# Assignment
Within the records below, find the line with "Você será mentorado" and the line with "Diario de Atacama)", then reproduce exactly those two lines and all lines between them, without any picture.

# Supplied data
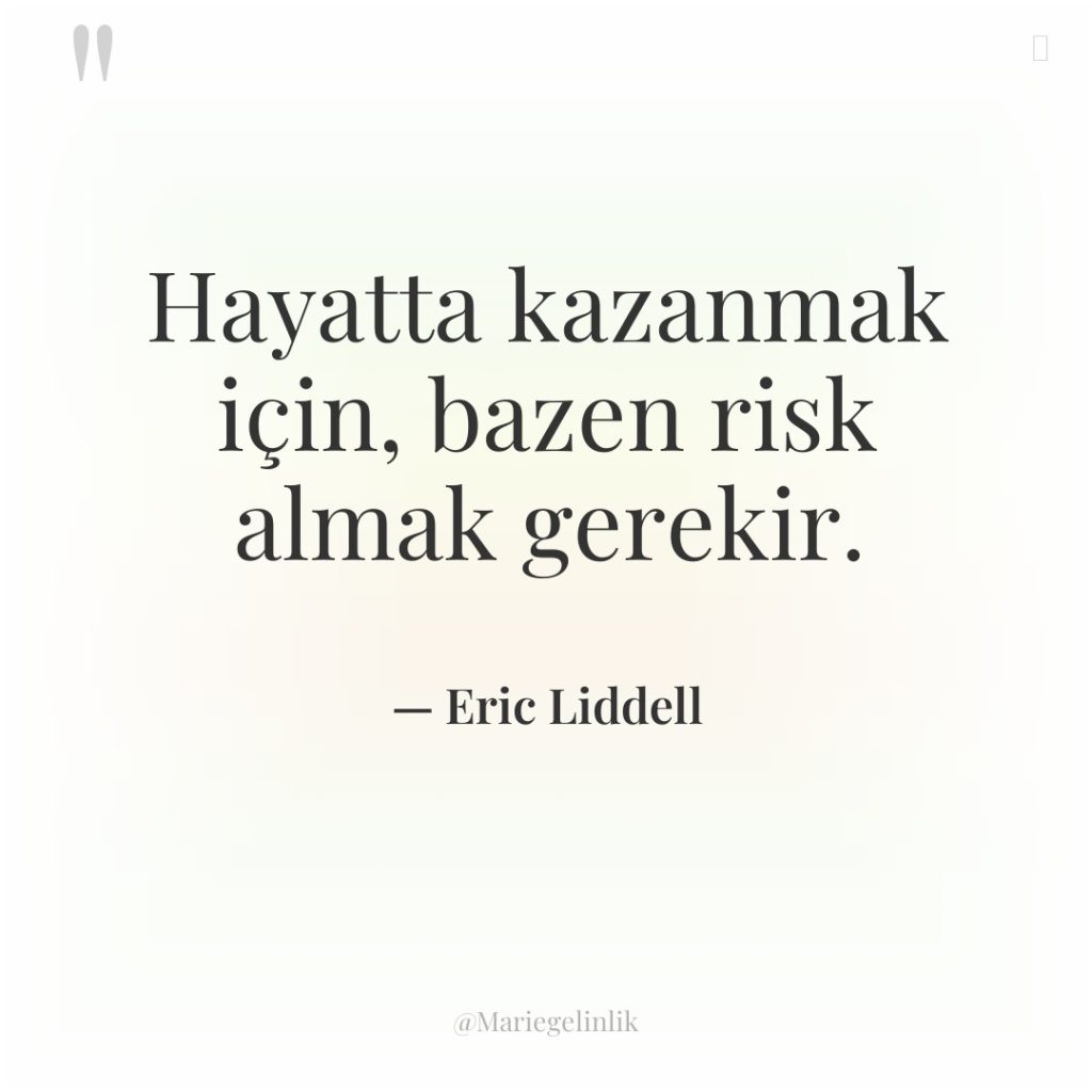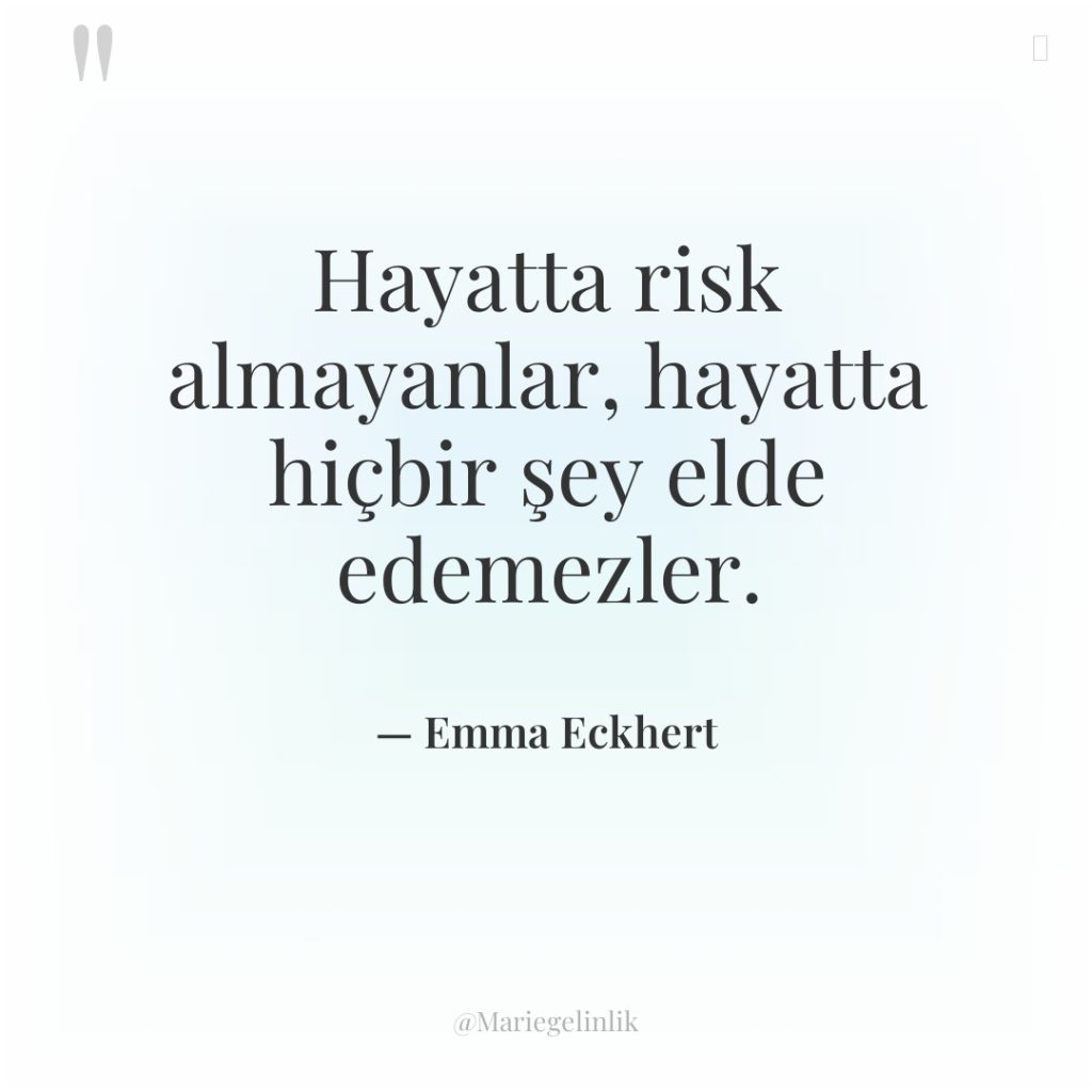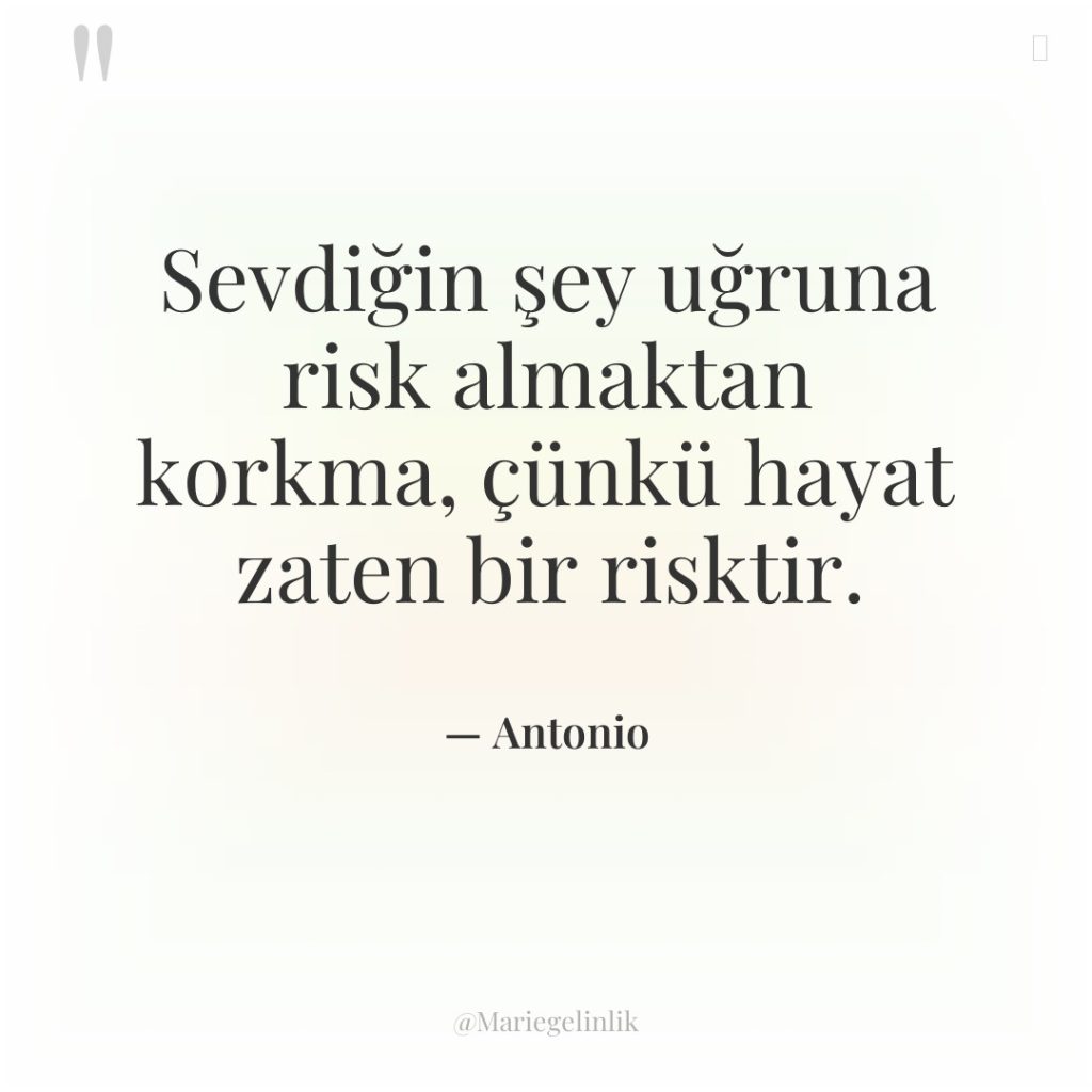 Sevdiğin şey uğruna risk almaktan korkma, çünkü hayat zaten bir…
---
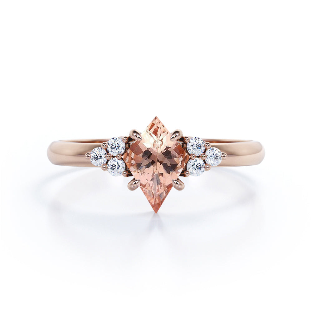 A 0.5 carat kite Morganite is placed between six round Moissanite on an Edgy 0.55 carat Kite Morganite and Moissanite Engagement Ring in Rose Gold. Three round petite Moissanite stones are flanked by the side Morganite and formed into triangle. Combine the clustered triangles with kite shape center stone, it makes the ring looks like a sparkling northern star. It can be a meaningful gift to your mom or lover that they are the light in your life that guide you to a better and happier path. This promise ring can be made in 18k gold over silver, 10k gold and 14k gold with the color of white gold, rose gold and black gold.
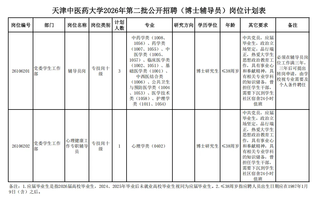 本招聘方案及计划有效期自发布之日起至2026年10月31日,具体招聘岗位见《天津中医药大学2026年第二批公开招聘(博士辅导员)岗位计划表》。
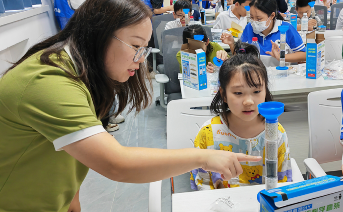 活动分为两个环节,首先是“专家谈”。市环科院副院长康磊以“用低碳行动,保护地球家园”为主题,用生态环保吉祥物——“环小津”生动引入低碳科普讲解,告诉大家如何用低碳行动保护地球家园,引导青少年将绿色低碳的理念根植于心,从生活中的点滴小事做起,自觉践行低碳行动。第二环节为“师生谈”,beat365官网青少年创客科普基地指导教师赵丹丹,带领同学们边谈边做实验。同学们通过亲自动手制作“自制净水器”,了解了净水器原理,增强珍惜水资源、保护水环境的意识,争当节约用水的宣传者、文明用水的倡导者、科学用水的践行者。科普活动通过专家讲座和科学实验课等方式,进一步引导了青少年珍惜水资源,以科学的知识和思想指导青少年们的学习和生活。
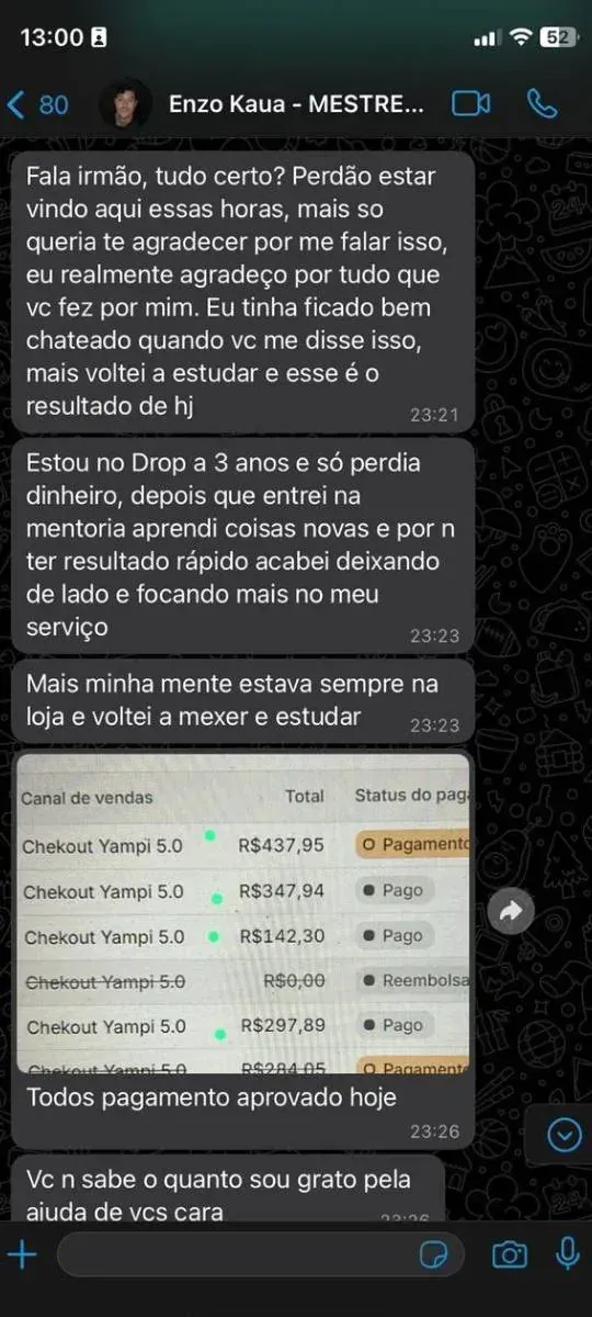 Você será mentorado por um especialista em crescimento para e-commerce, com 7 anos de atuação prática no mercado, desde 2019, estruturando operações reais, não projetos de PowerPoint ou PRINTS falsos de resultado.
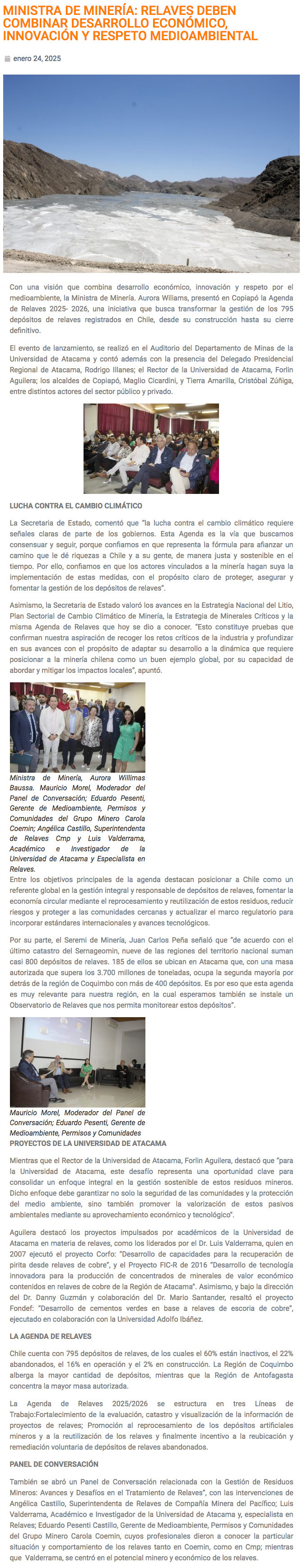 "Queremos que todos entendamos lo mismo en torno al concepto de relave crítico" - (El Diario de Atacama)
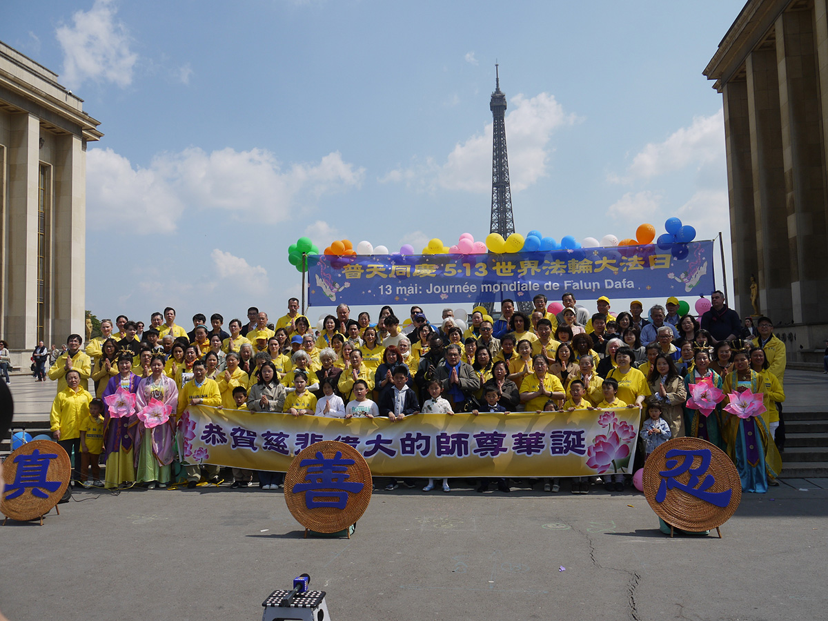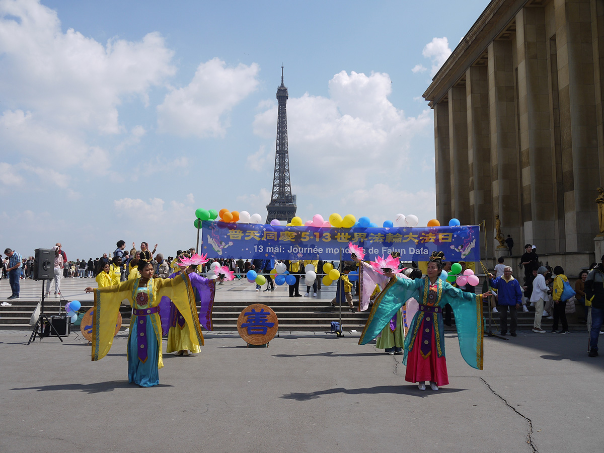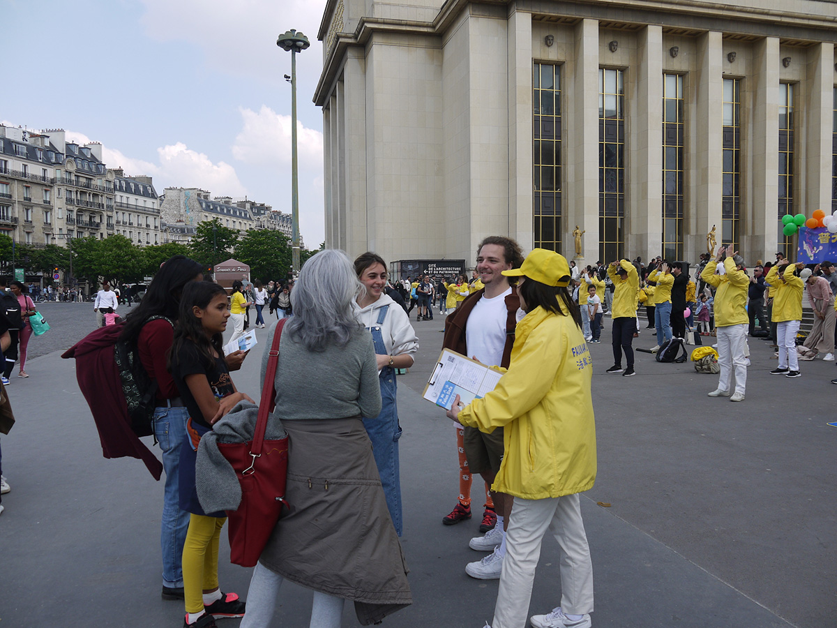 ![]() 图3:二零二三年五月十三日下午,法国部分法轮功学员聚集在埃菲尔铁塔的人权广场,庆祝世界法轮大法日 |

# Answer box
 Você será mentorado por um especialista em crescimento para e-commerce, com 7 anos de atuação prática no mercado, desde 2019, estruturando operações reais, não projetos de PowerPoint ou PRINTS falsos de resultado.
 "Queremos que todos entendamos lo mismo en torno al concepto de relave crítico" - (El Diario de Atacama)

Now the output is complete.